Extensive Magmatic Heating of the Lithosphere Beneath the Hawaiian Islands Inferred From Salt Lake Crater Mantle Xenoliths

Abstract An ongoing challenge in studies of the oceanic upper mantle is how intraplate hotspots impact the thermal structure of the lithosphere. To address this issue at the Hawaiian hotspot, we analyze mineral compositions for a petrographically diverse suite of garnet pyroxenite xenoliths from the Salt Lake Crater (SLC) rejuvenation stage, volcanic tuff ring in Honolulu. Garnet‐clinopyroxene geobarometry and two‐pyroxene geothermometry indicate equilibrium pressures of 13–18 kbar and temperatures of 1000°C–1100°C. These pressures place the xenoliths at mid‐lithospheric depths of 45–55 km, with temperatures 200°C–300°C hotter than expected for normal 90‐Myr‐old oceanic lithosphere.
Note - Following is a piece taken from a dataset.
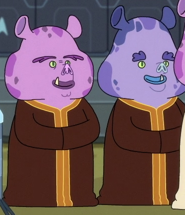 These two councilors stood with the chancellor during the initial second contact with Jack Ransom. (LD: "Second Contact") They were also present when the Cerritos arrived to perform upgrades to the existing comm system. (LD: "The Stars At Night")

Garnet and clinopyroxene occur as discrete primary grains, as well as exsolution blebs and lamellae, with lateral dimensions up to several hundred microns. Compositions within garnet and pyroxene grains are remarkably uniform and display no systematic variation with distance to grain boundaries. Together, these observations indicate that the calculated pressures and temperatures reflect the thermal state of the lithosphere under which the xenoliths last equilibrated. We attribute the elevated lithospheric temperatures under Honolulu primarily to the heating by magma as it penetrated the lithosphere during rejuvenation magmatism and the voluminous shield magmatic stage. We anticipate such magmatic heating to be common among all Hawaiian volcanoes, supporting conclusions of a recent study of earthquakes beneath Hawai‘i Island. This local lithospheric thermal anomaly may also contribute to the enigmatically weak flexural response of the lithosphere due to volcano loading along the Hawaiian hotspot chain.